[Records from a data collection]
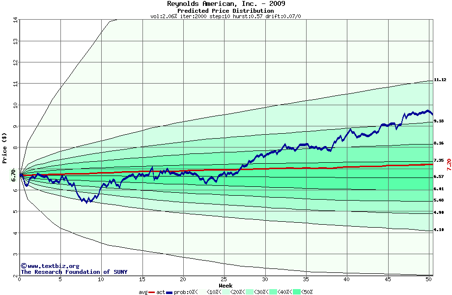 The following graph plots the year-to-date performance of the stock for 2009 compared to the probability calculated by a random walk model.
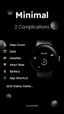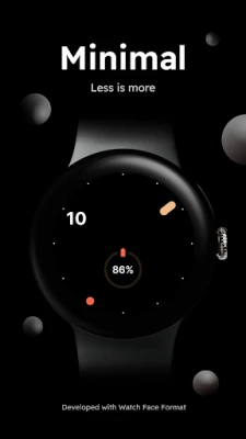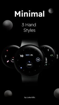 The watch face offers a very minimalistic and modern design for Wear OS. It replaces the hour hand by only showing the current hour in the index of the watch.
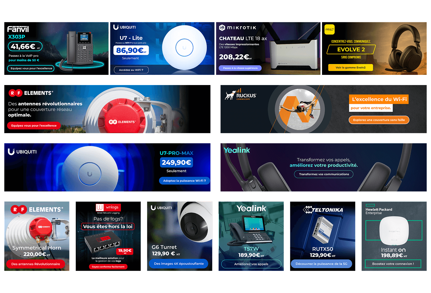 Visuels par familles de produits, formats IAB et réseaux.
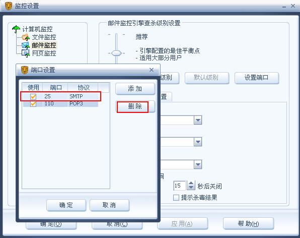 打开杀毒软件/设置/监控设置/邮件监控/设置端口,把25端口删除就可以了,如图:
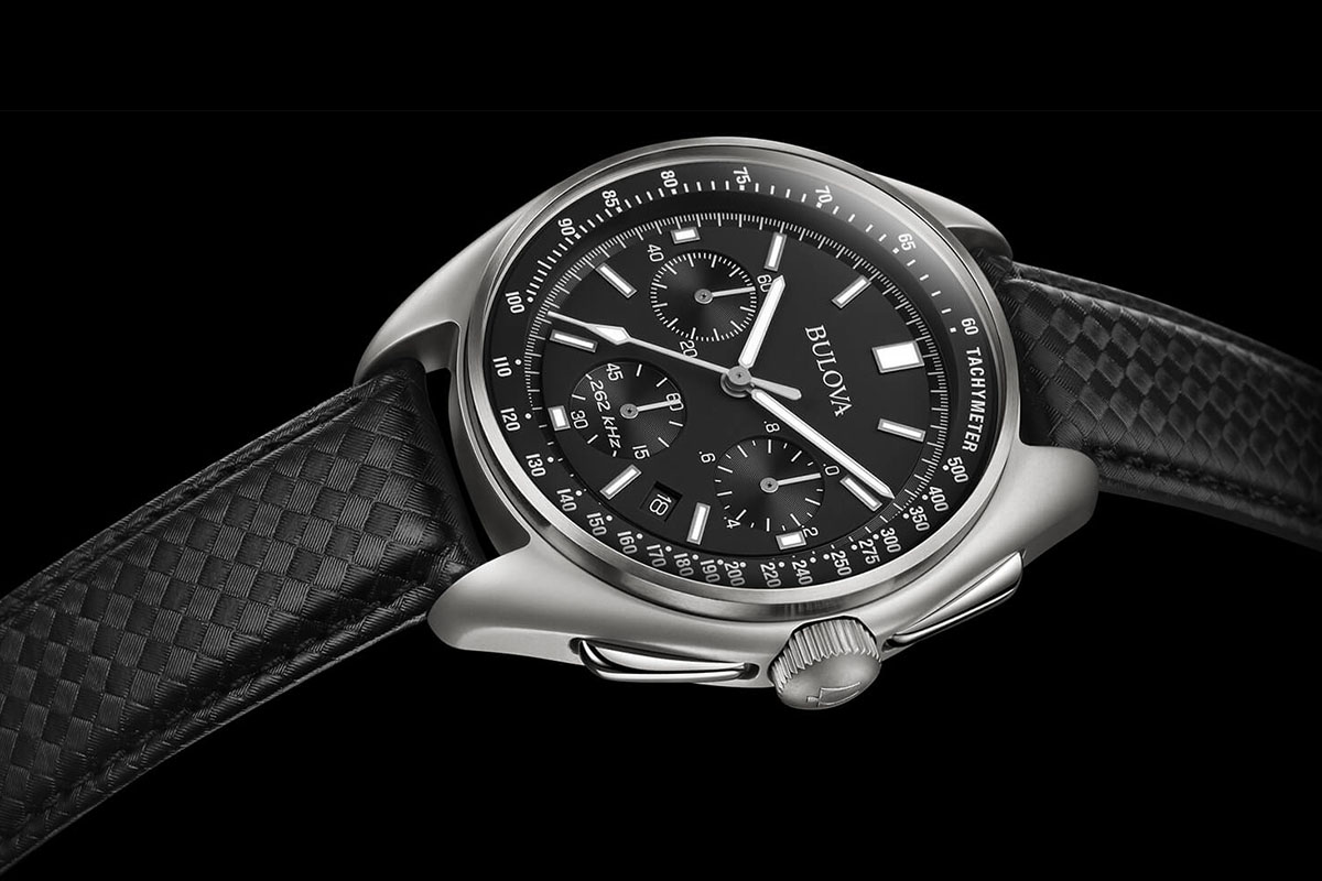 Il movimento non è quello originale e non è neppure meccanico. È il quarzo ad alta frequenza (262 KHz) introdotto nel 2010, capace di misurare i decimi di secondo e forte di una precisione di 10 secondi all’anno. Ne abbiamo recentemente tratteggiato la storia parlando dei nuovi modelli di Bulova Curv.

## Your task
Write out the records above in full and exactly, with no pictures.

## Reply to the exercise
 The following graph plots the year-to-date performance of the stock for 2009 compared to the probability calculated by a random walk model.
 The watch face offers a very minimalistic and modern design for Wear OS. It replaces the hour hand by only showing the current hour in the index of the watch.
 Visuels par familles de produits, formats IAB et réseaux.
 打开杀毒软件/设置/监控设置/邮件监控/设置端口,把25端口删除就可以了,如图:
 Il movimento non è quello originale e non è neppure meccanico. È il quarzo ad alta frequenza (262 KHz) introdotto nel 2010, capace di misurare i decimi di secondo e forte di una precisione di 10 secondi all’anno. Ne abbiamo recentemente tratteggiato la storia parlando dei nuovi modelli di Bulova Curv.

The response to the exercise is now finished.